For the same reason, Skora introduced another group intervening in the public definition of the city’s qualities: marketing and advertisement experts. In search of unique selling points, they approached Hoyerswerda’s quality of life as a major tool in the increasingly fierce competition between small- and medium-sized cities. For their survival, these cities compete not only for investors and state funding, but also for the similarly scarce resource of citizens. Imagine there is a city and nobody wants to live in it. In particular, the competition for increasingly scarce skilled personnel defines cities, towns and communities as quality providers for the lives of those much-desired citizens who promise tax income and the potential attraction of more people. However, the marketing experts’ job was also to convince those living in Hoyerswerda of their own city’s advantages, thereby creating a sense of togetherness like the architect’s sociocultural club had in mind.

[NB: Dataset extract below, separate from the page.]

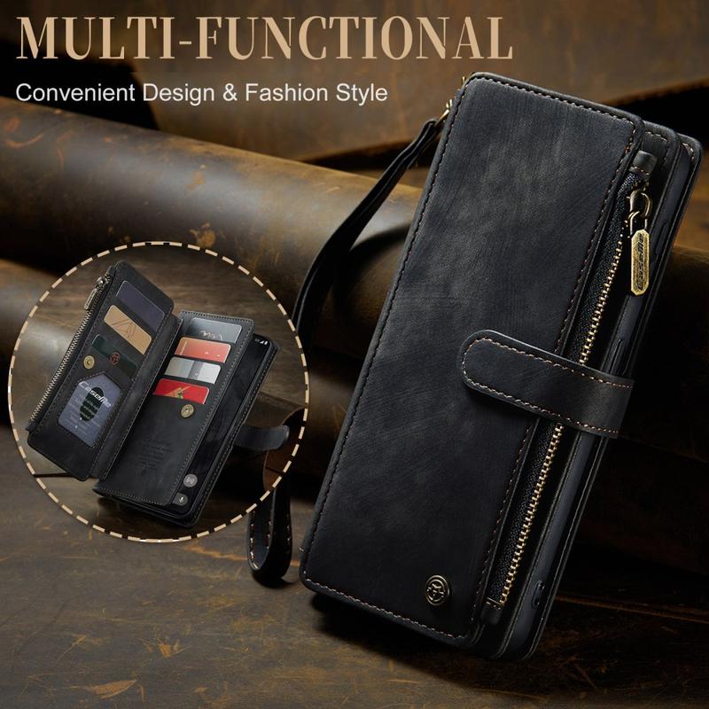 The Caseme C30 multifunctional wallet case for Google Pixel 8 Pro brings exceptional all-around protection and an exclusive, refined design. This elegant case is made of premium polyurethane, reinforced with a shock-resistant TPU inner cover that snuggles your Google Pixel 8 Pro perfectly. Meanwhile, the Caseme C30 wallet case is enhanced with numerous card slots, one large money compartment inside, and one outside zipper pocket, all protected by a secure magnetic closure.

For a social anthropologist to intervene in such discourses on a city’s quality of life, already captured as a neoliberal unique selling point, entails several problems. For one thing, the emphasis on the social and cultural dimensions of human life often similarly reflects the anthropologist’s hopes and concerns. As Sara Ahmed (2008) warned, there is a danger in our interventions in such discourses, onto which we impose our own conceptualizations of social harmony, for example, by wanting to put the ‘social glue’ back into moments of crisis and divergence. I accept her critique. However, the problematization of the core social relations that make up personal, public, urban, professional and everyday life in Hoyerswerda (i.e. the local urge for more togetherness and social cohesion) is in itself an ethnographic fact. As an outcome of various knowledge practices that centre around the city’s fate and future, it should not be easily debunked out of concerns about our own ethical and political convictions. In order to explain what is theoretically at stake when local forms of reasoning about the city’s worth in the present and the future are approached via their temporal characteristics, I present a few thoughts on the anthropologies of time and knowledge in relation to one another.